━━ Collected data ━━
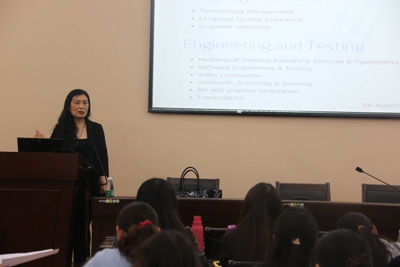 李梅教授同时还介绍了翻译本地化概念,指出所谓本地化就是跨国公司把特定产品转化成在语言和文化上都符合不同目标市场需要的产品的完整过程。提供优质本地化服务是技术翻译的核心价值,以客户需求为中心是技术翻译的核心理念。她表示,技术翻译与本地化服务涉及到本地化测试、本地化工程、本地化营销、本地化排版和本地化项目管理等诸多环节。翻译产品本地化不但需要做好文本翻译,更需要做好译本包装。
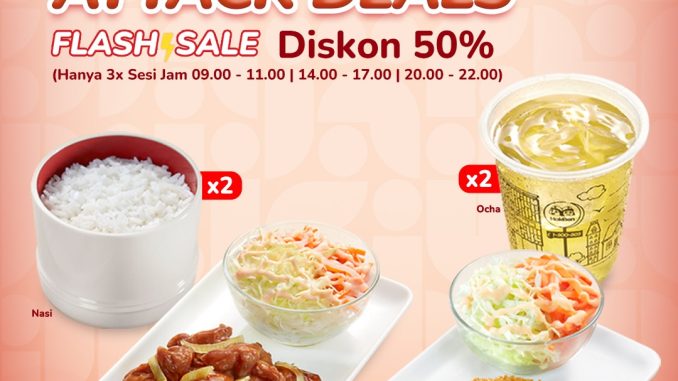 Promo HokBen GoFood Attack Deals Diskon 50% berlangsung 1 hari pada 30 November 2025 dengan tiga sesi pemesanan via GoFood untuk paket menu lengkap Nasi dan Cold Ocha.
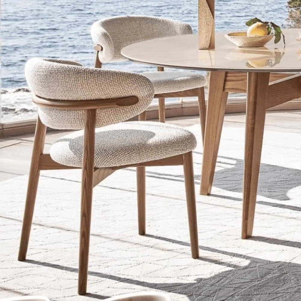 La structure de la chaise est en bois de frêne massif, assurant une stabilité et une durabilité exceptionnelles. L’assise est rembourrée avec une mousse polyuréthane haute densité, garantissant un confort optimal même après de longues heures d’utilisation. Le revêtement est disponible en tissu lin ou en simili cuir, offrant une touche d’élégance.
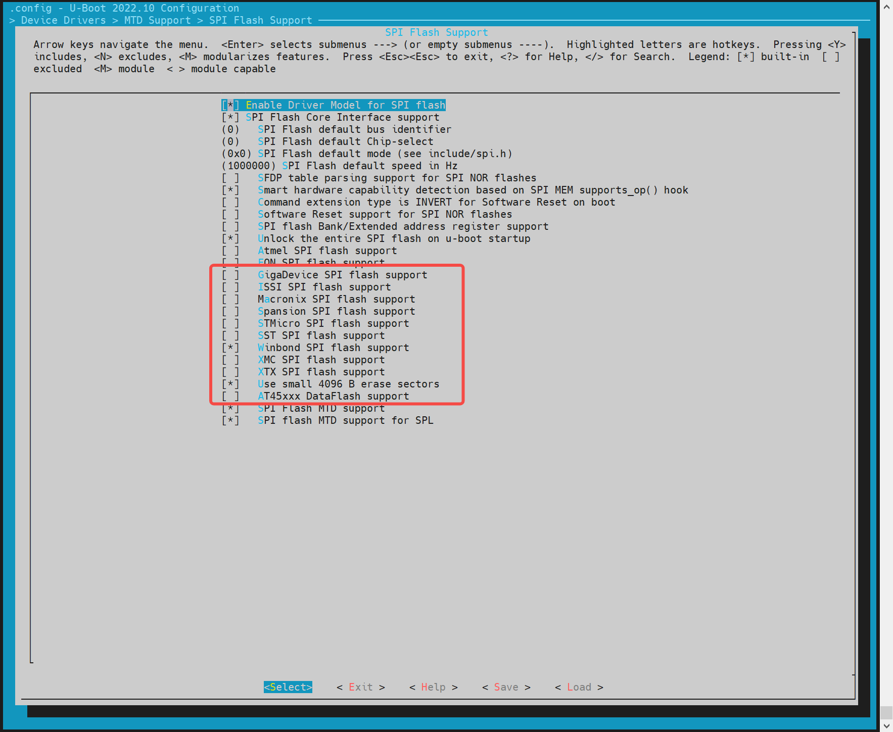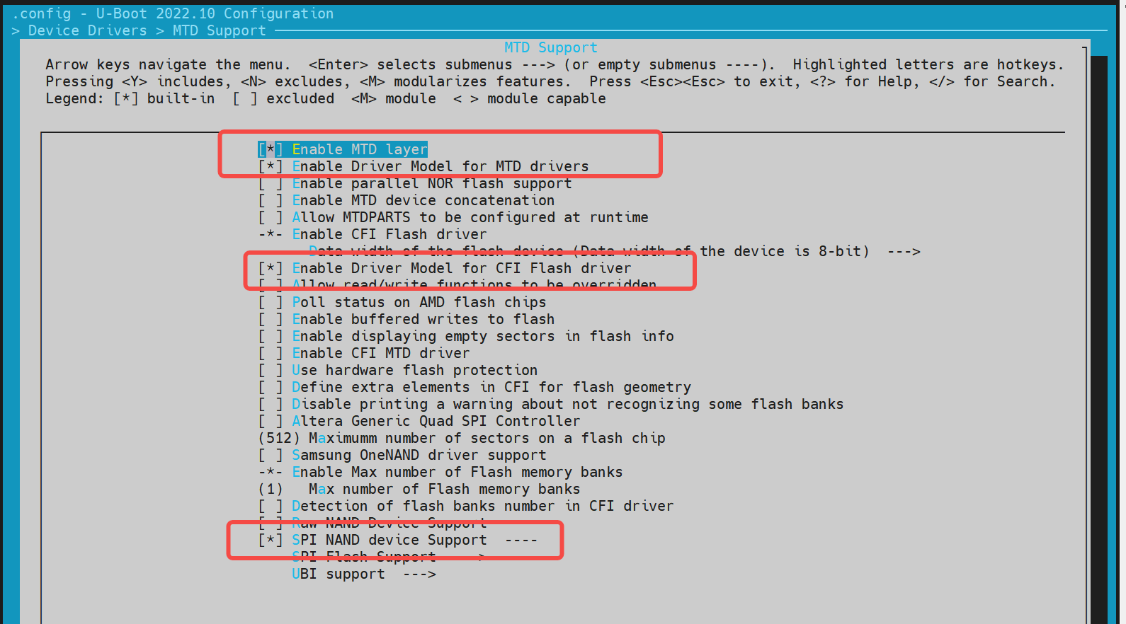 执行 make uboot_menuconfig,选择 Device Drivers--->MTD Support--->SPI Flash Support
━━━
**Work required**
Please retype all of the material exactly, skipping whatever images it holds.

**Exercise result**
 李梅教授同时还介绍了翻译本地化概念,指出所谓本地化就是跨国公司把特定产品转化成在语言和文化上都符合不同目标市场需要的产品的完整过程。提供优质本地化服务是技术翻译的核心价值,以客户需求为中心是技术翻译的核心理念。她表示,技术翻译与本地化服务涉及到本地化测试、本地化工程、本地化营销、本地化排版和本地化项目管理等诸多环节。翻译产品本地化不但需要做好文本翻译,更需要做好译本包装。
 Promo HokBen GoFood Attack Deals Diskon 50% berlangsung 1 hari pada 30 November 2025 dengan tiga sesi pemesanan via GoFood untuk paket menu lengkap Nasi dan Cold Ocha.
 La structure de la chaise est en bois de frêne massif, assurant une stabilité et une durabilité exceptionnelles. L’assise est rembourrée avec une mousse polyuréthane haute densité, garantissant un confort optimal même après de longues heures d’utilisation. Le revêtement est disponible en tissu lin ou en simili cuir, offrant une touche d’élégance.
 执行 make uboot_menuconfig,选择 Device Drivers--->MTD Support--->SPI Flash Support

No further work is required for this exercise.